# what size raft to get



## BLott (Mar 27, 2010)

imo, that's a little tight. 

I have a 14' that we use for multi-day, and a family of four, and I don't know where we'd put another person. You've got the person on the oars, behind that person you have a gear pile of drybags, then I have the cooler, and in front of the cooler a deck over a drop bag with a paco on top. Then a couple of feet in the bow. one adult and two kids up front is just about all that I could fit. maybe if someone sits on top of the gear pile?

I just was on a 15' maravia Zephyr. it's only a foot longer, but wider and has diminishing tubes. that boat is the ticket, if you ask me. (and you have $5k to spend on a boat)


----------



## kazak4x4 (May 25, 2009)

14' for 5 people for 5 days? Way too small, especially if you have kids. It depends on what ratio of paddle boating and expedition rafting you do. 14 footer makes a nice paddle boat, but way too small for long trips. You will be MUCH happier with a 16 footer for your family for long trips. Especially like BLott said a Maravia with diminishing tubes (I got one  

Alex


----------



## Matt J (May 27, 2005)

my first multi-day rafting trip we used two sixteens to support 17 people for nine days.

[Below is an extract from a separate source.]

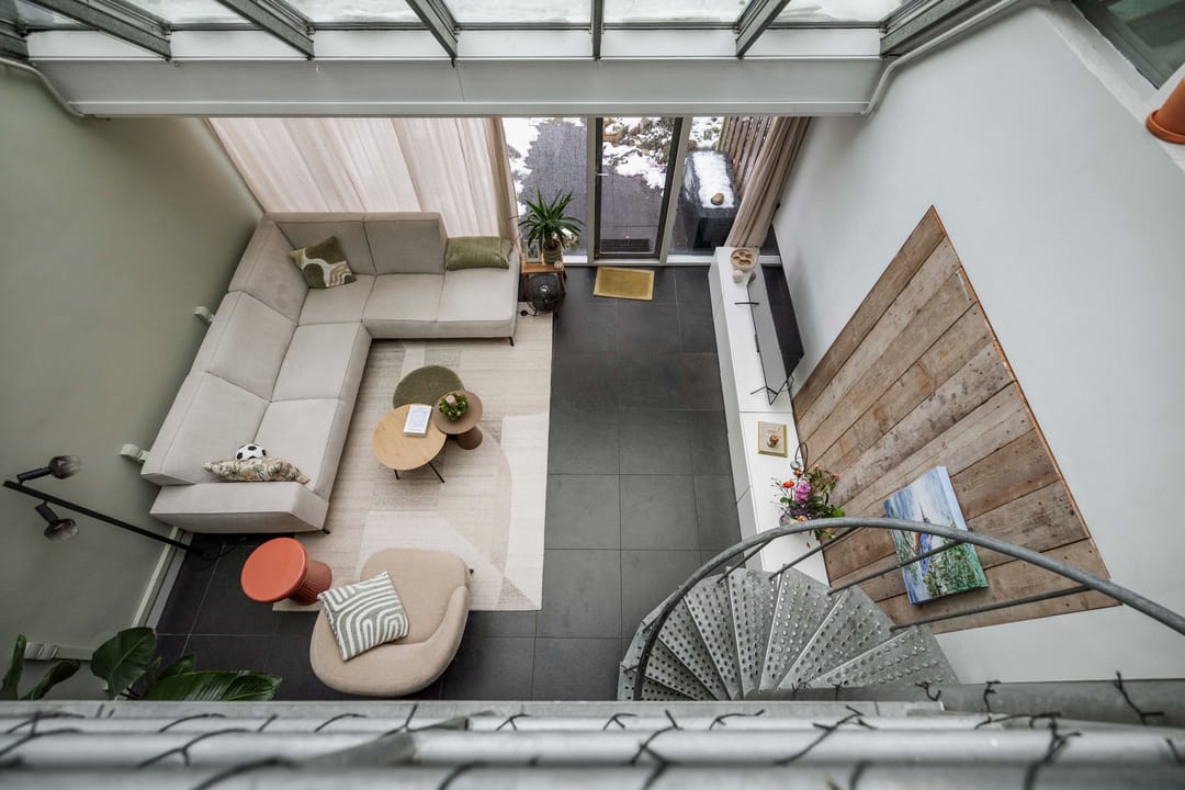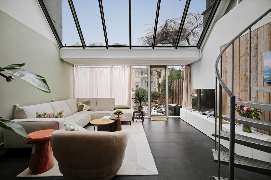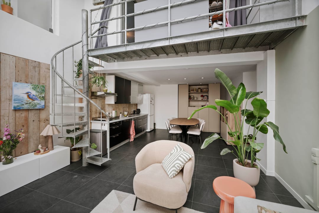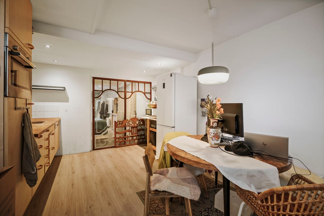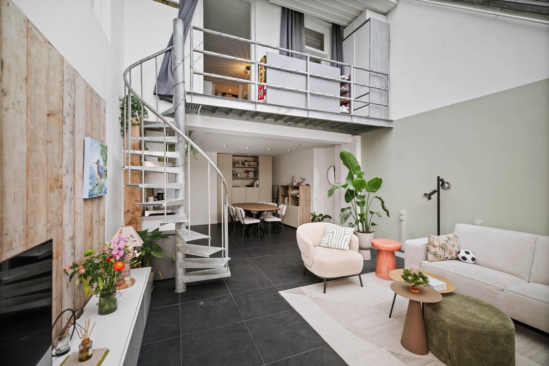 nr. 86B (2 woonlagen): Entree via de achtertuin bereikbaar middels een achterom. Open concept woonkamer-woonkeuken. Opvallend en indrukwekkend tegelijkertijd is de hoeveelheid licht die deze ruimte betreedt, de hoge vide geeft een zeer ruimtelijk gevoel. Met trap bereikbare overloop, vanaf hier bereik je de slaapkamer met badkamer. Het toilet is apart. Dan is er nog ruimte waar plek is voor de wasmachine, tevens is de gemeenschappelijke hal bereikbaar met toegang aan de voorzijde van het pand.

you can easily carry enough gear for a family of four on a fourteener although it will be a lot easier if you can pair up with another boat to split the communal gear.


----------



## Osprey (May 26, 2006)

Definitely the 16 but if you are dead set on getting a 14 for a paddle raft the other thing you could do is get a duckie to get two people off the raft. Depends on the make-up of your multiday crew too and being able to spread out the communal gear.


----------



## kclowe (May 25, 2004)

I think a 14 footer would be ok for gear, but trying to put four passengers on a 14' boat with an oar frame and all the gear for 5 days will make you nuts. I have a 12' and a 14'. I can usually "support" 5 people easily in the 14', but more than three people on the boat gets pretty darn tight. I'd go with a 16 footer for overnighters. 
Now, if you have little people and can afford it as well, the 12 footer is a perfect paddle rig and it fits in the back seat of a car when rolled up. Also, my 12' boat fits great in the back of my 14' boat. If I had all the money in the world, I'd own a 12', 14', and a 16' boat! Sorry if I just made it worse!


----------



## RockRider (Dec 26, 2008)

Just tossing in my thoughts - I say 16 or more. We have done several overnights and the comments we always seem to make to each other afterward are... 1) we need a huge net so we can just really pack it in the back 2) We need a bigger raft. It is usually the 2 of us and 2 sizable dogs. We took a third on an overnight float (3 adults, 2 dogs) and it was fine/tight, but it just would have been nice to have a little more room. Sleeping bags, tent, food (beer!), cooking utensils, clothes, firepan/firewood, groover, crap like that seem to add up. Some people are really minimal (not quite us) - but with kids I imagine that might be nearly impossible. Good Luck!


----------